Structuring Knowledge for 10,000 CS Students
How we designed a content taxonomy that balances university syllabi with industry-standard learning paths.
The Content Organization Problem
Computer engineering students at the Islamic University of Gaza face a scattered landscape of learning materials. Resources are spread across YouTube channels, university portals, personal blogs, and outdated PDFs with no unified structure connecting them. A student trying to learn data structures might find a great video series, but have no way to know what prerequisite knowledge they're missing or what to study next.
The core challenge was not a lack of content - it was the absence of a navigable structure.
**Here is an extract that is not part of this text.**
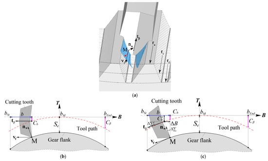 Generally, lead modification of gear skiving is achieved based on the conventional shaping, hobbing, or grinding by varying the center distance between the cutter and work gear successively in the cutting process. This may result in the twist of gear tooth flank of helical gear that can hardly be eliminated [,,]. Similarly, lead modification of the gear by skiving is achieved by changing the center distance between the tool and the work gear during cutting to obtain the desired inconsistent tooth thickness in the tooth width direction. Since the differential velocity can hardly be perpendicular to the normal vector of the modified gear tooth flank on the pitch cylinder developed surface, as shown in Figure 2b, the gear tooth flank can be easily twisted, especially when the work gear is helical and the helix angle is relatively large []. Figure 2b,c are plotted on the unfold plane of pitch cylinder as shown in Figure 2a, and the direction of “B” is parallel to as shown in Figure 1 while the direction of “T” is coincident with the tangent direction of the pitch circle on the point “M”.

Thousands of resources existed, but without a taxonomy that mapped them to both academic requirements and industry skill trees, students spent more time searching for materials than actually learning from them.
We needed to design a content architecture that could organize these resources into clear, prerequisite-aware pathways without becoming rigid or outdated as university curricula evolve and new technologies emerge in the industry.
Designing the Dual-Axis Taxonomy
We settled on a two-axis classification system where every resource is tagged along both an academic course axis and a practical skill domain axis. This means a single tutorial on REST API design can appear in both the 'Web Development' pathway and the 'Software Engineering 2' course track, without content duplication.
The prerequisite graph was the key technical decision. Rather than a flat list of resources per topic, we built a dependency graph that automatically suggests learning order. If a student jumps into a backend development pathway, the system surfaces the networking and database fundamentals they need first - mapped directly from the university's own course dependency chain.
- Dual-axis tagging: academic course mapping and industry skill-tree alignment.
- MDX-based content format for flexible, version-controlled resource pages.
- Prerequisite graph that automatically suggests learning order based on dependencies.